- _Problem to work on_
The result should hold only the lines from the one with "Свитшот с рукавом" through the final line of the data below, transcribed exactly, pictures left out.

- _Source material_
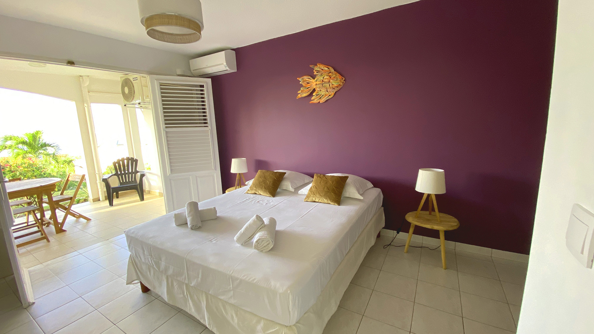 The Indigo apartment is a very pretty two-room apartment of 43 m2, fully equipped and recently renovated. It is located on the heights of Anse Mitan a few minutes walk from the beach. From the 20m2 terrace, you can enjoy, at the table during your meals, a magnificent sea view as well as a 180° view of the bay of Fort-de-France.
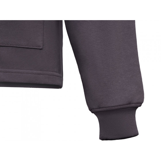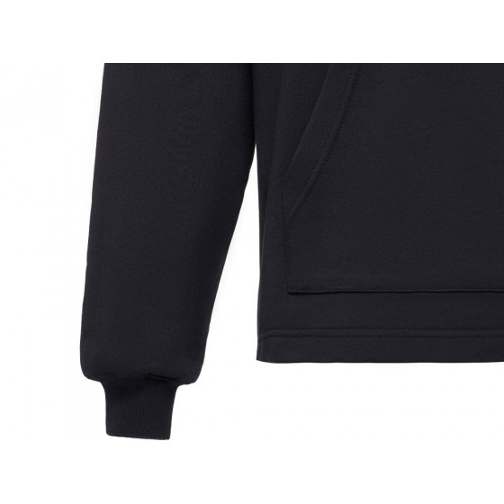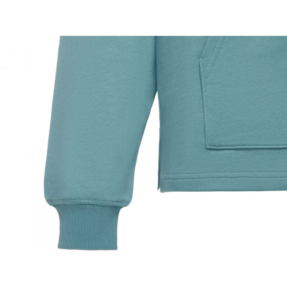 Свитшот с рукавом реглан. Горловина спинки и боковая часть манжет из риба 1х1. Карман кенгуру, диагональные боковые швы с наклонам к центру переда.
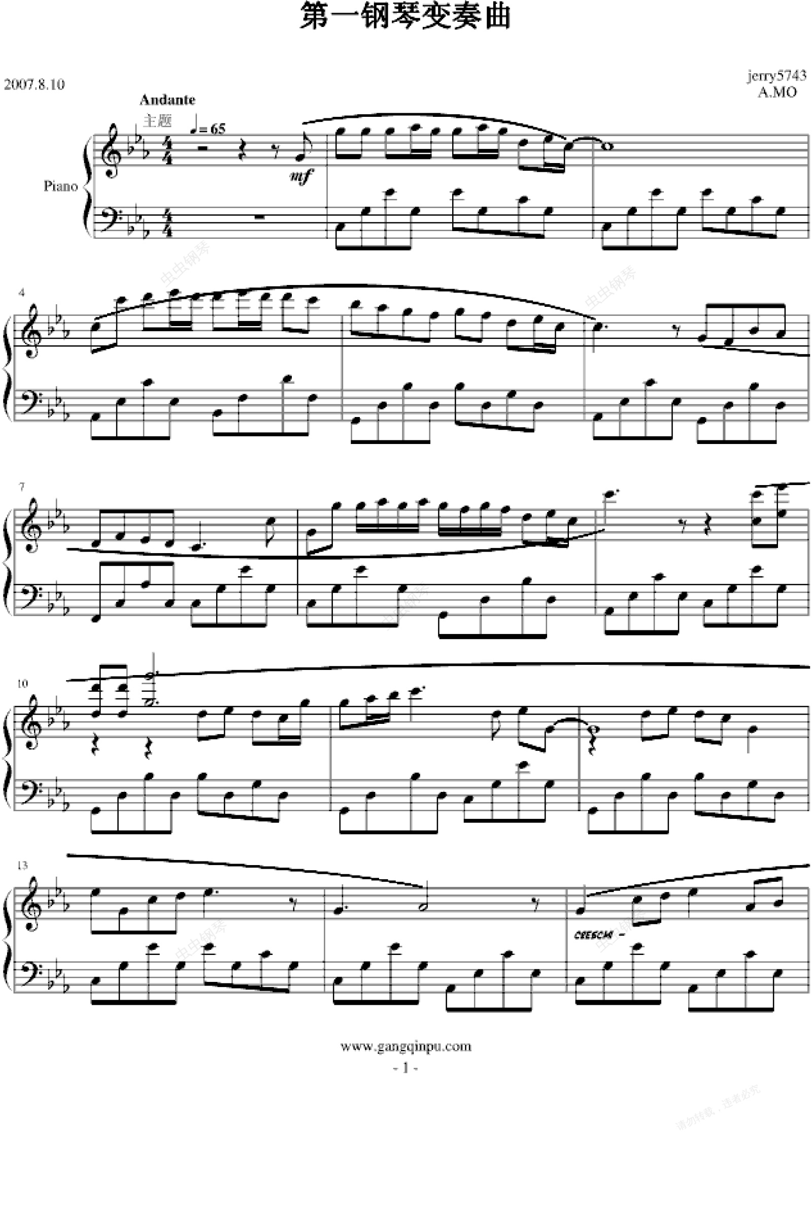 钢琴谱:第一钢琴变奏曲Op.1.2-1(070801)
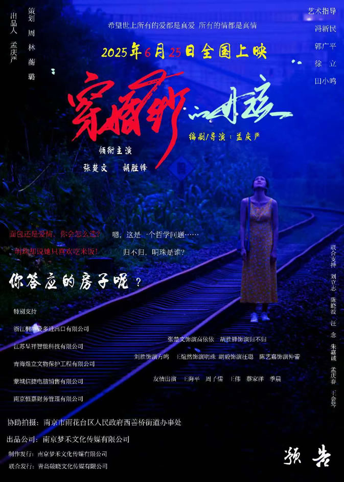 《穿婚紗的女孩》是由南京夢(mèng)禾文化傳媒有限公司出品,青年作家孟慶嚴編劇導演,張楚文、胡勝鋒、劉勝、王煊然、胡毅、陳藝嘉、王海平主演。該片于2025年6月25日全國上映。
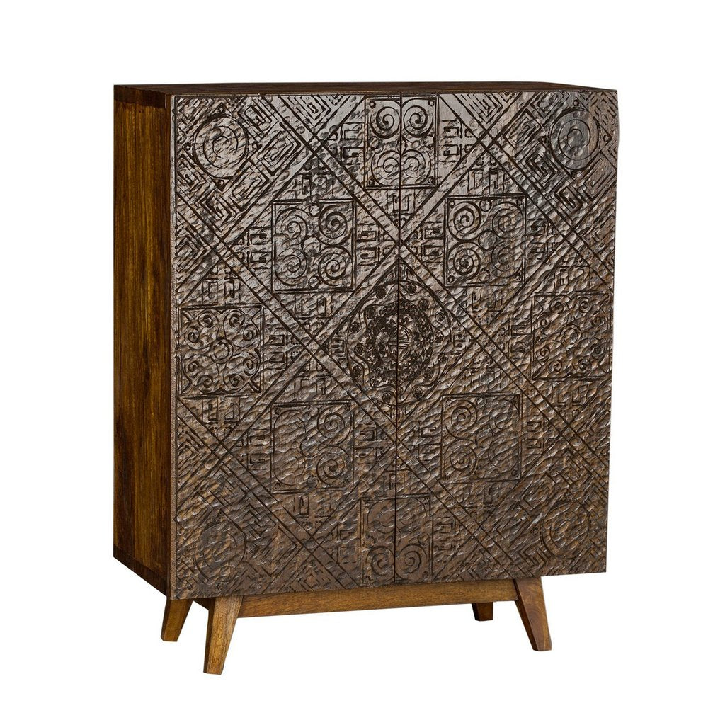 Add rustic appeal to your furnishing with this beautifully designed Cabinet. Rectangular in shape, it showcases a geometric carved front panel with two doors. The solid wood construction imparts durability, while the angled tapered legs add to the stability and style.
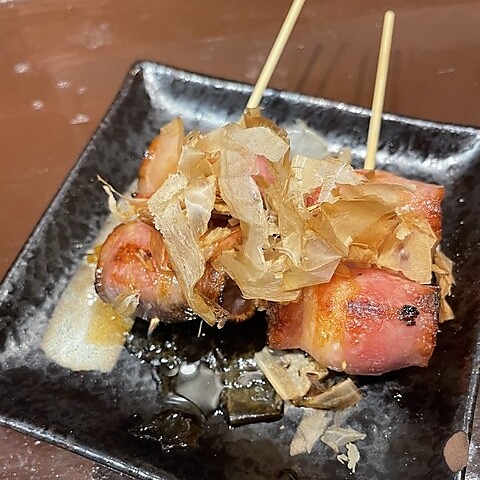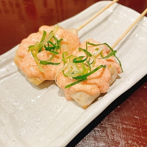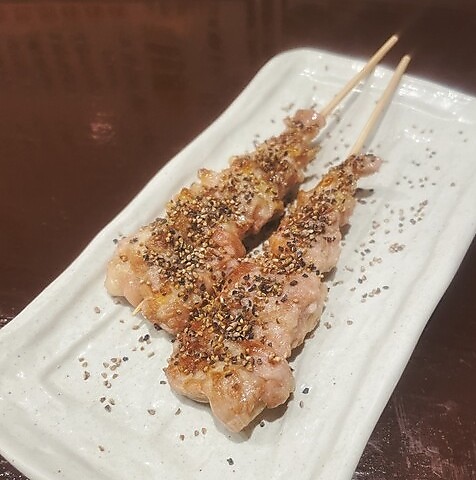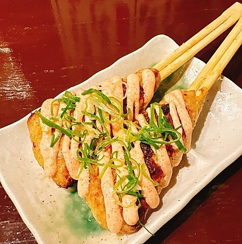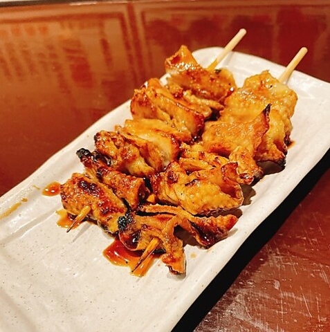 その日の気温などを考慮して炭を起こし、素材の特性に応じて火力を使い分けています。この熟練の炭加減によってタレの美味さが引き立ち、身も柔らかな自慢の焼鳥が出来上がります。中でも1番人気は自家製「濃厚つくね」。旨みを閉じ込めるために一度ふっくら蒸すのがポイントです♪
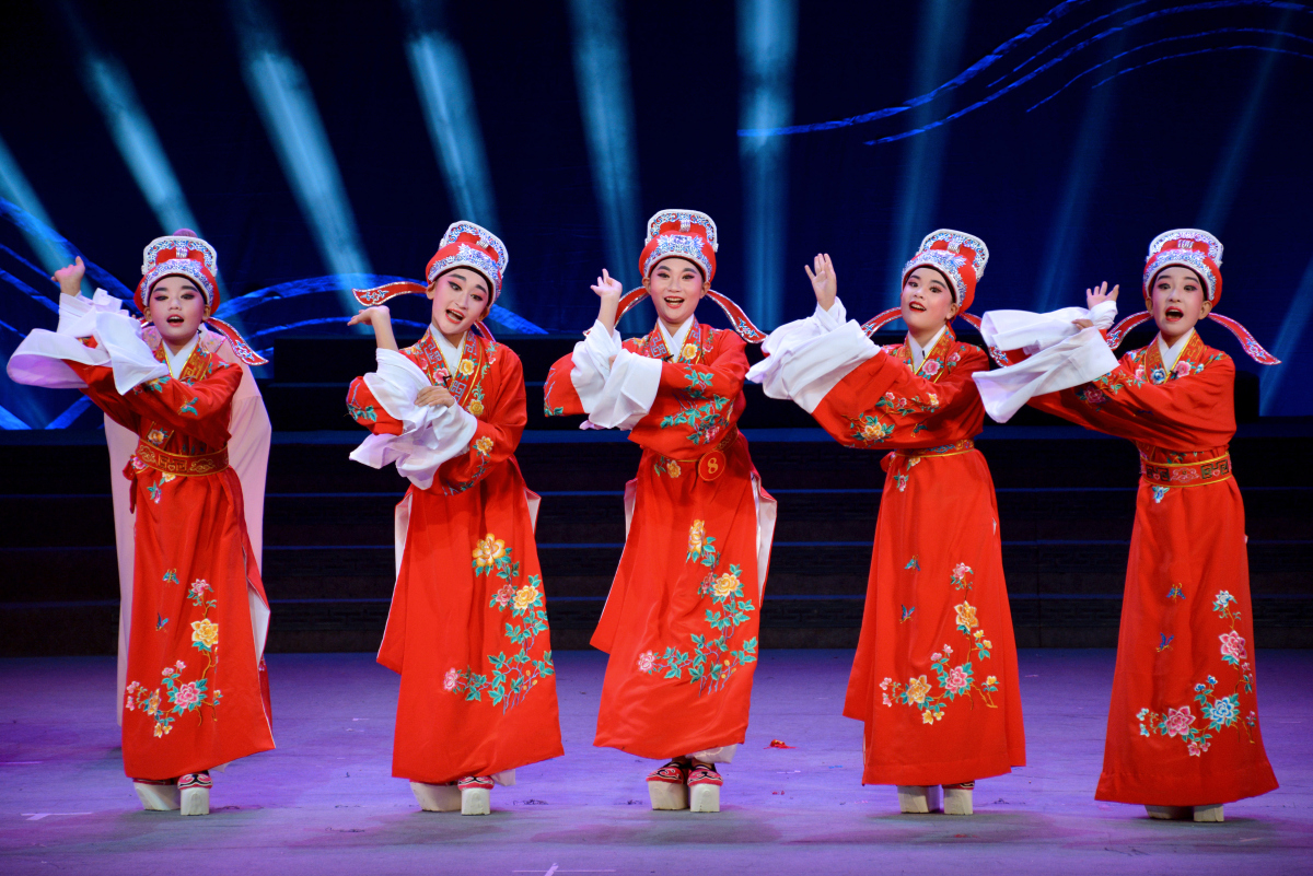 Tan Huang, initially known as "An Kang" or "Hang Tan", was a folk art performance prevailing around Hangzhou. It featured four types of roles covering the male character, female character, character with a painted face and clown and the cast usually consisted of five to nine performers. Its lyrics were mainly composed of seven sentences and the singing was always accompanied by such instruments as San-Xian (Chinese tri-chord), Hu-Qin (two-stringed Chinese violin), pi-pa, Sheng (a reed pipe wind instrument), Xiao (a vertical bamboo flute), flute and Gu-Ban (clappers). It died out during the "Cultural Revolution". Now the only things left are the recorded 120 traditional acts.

- _Output for this exercise_
 Свитшот с рукавом реглан. Горловина спинки и боковая часть манжет из риба 1х1. Карман кенгуру, диагональные боковые швы с наклонам к центру переда.
 钢琴谱:第一钢琴变奏曲Op.1.2-1(070801)
 《穿婚紗的女孩》是由南京夢(mèng)禾文化傳媒有限公司出品,青年作家孟慶嚴編劇導演,張楚文、胡勝鋒、劉勝、王煊然、胡毅、陳藝嘉、王海平主演。該片于2025年6月25日全國上映。
 Add rustic appeal to your furnishing with this beautifully designed Cabinet. Rectangular in shape, it showcases a geometric carved front panel with two doors. The solid wood construction imparts durability, while the angled tapered legs add to the stability and style.
 その日の気温などを考慮して炭を起こし、素材の特性に応じて火力を使い分けています。この熟練の炭加減によってタレの美味さが引き立ち、身も柔らかな自慢の焼鳥が出来上がります。中でも1番人気は自家製「濃厚つくね」。旨みを閉じ込めるために一度ふっくら蒸すのがポイントです♪
 Tan Huang, initially known as "An Kang" or "Hang Tan", was a folk art performance prevailing around Hangzhou. It featured four types of roles covering the male character, female character, character with a painted face and clown and the cast usually consisted of five to nine performers. Its lyrics were mainly composed of seven sentences and the singing was always accompanied by such instruments as San-Xian (Chinese tri-chord), Hu-Qin (two-stringed Chinese violin), pi-pa, Sheng (a reed pipe wind instrument), Xiao (a vertical bamboo flute), flute and Gu-Ban (clappers). It died out during the "Cultural Revolution". Now the only things left are the recorded 120 traditional acts.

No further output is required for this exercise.